▶ [EXERCISE AIM]:
Restate, word for word and with no pictures, the stretch of lines in the data below that begins at the line with "Goudkleurige hangende ketting" and ends at the line with "赵工顶着瓢泼大雨、行走在崎岖", inclusive.
Segment Start: INPUT MATERIAL
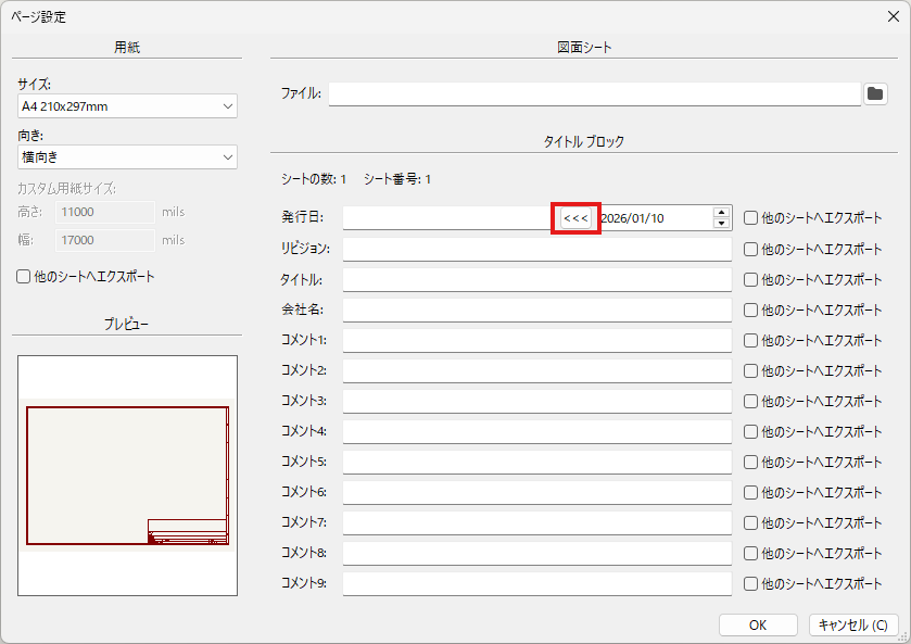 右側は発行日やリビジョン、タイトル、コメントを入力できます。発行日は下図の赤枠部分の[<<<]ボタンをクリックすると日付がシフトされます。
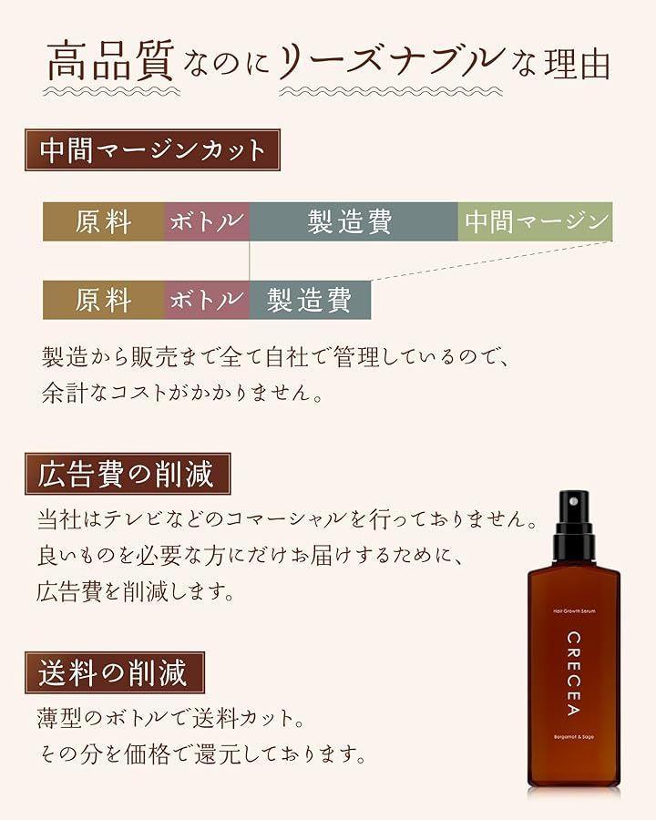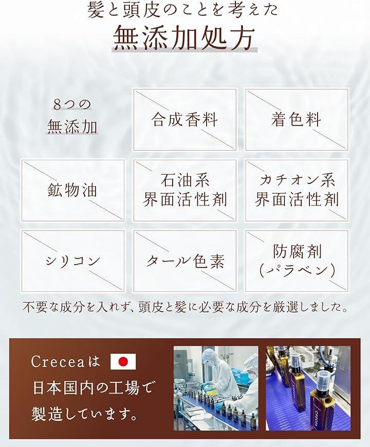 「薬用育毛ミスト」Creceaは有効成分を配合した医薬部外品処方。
Segment End: INPUT MATERIAL
Segment Start: INPUT MATERIAL
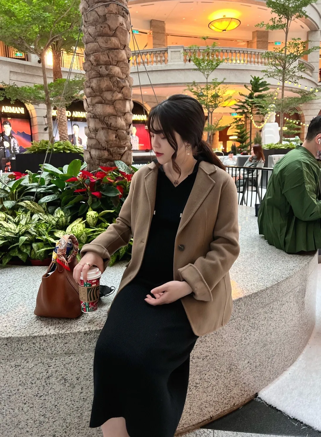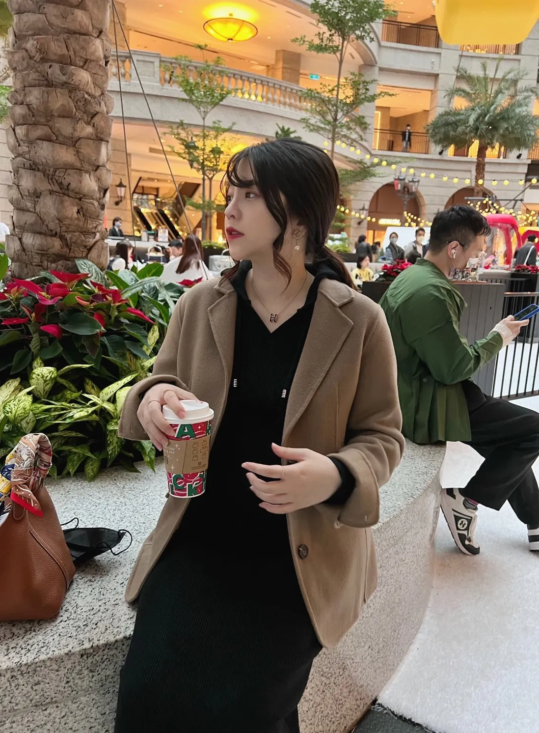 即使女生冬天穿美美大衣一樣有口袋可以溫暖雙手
Segment End: INPUT MATERIAL
Segment Start: INPUT MATERIAL
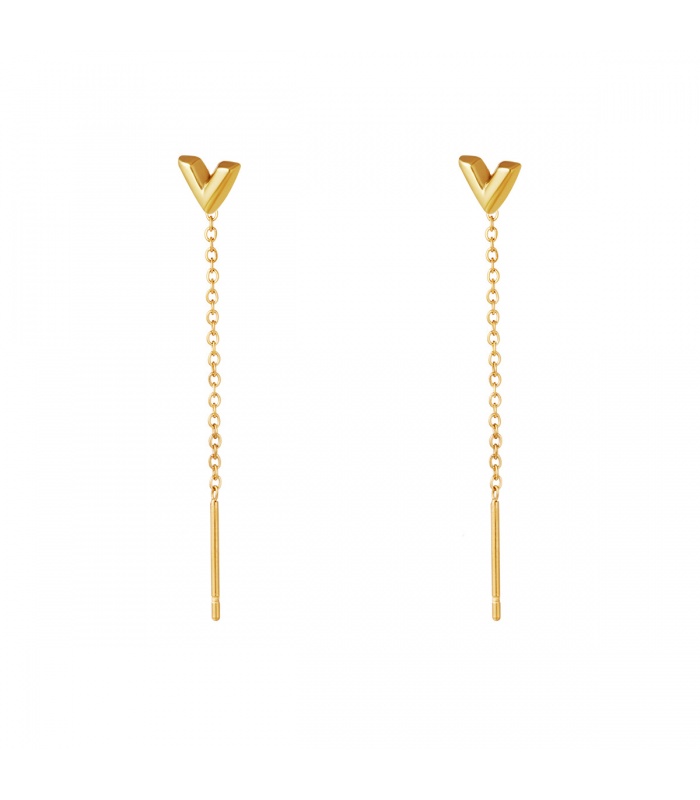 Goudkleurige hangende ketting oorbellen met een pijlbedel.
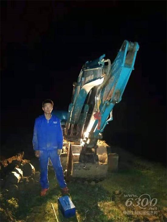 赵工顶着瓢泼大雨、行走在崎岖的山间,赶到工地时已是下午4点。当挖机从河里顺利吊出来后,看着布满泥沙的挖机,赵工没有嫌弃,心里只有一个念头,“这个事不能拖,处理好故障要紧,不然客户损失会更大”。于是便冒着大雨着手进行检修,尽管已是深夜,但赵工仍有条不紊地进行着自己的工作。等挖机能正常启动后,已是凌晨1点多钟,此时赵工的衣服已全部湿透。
Segment End: INPUT MATERIAL
▶ [PROBLEM SOLUTION]:
 Goudkleurige hangende ketting oorbellen met een pijlbedel.
 赵工顶着瓢泼大雨、行走在崎岖的山间,赶到工地时已是下午4点。当挖机从河里顺利吊出来后,看着布满泥沙的挖机,赵工没有嫌弃,心里只有一个念头,“这个事不能拖,处理好故障要紧,不然客户损失会更大”。于是便冒着大雨着手进行检修,尽管已是深夜,但赵工仍有条不紊地进行着自己的工作。等挖机能正常启动后,已是凌晨1点多钟,此时赵工的衣服已全部湿透。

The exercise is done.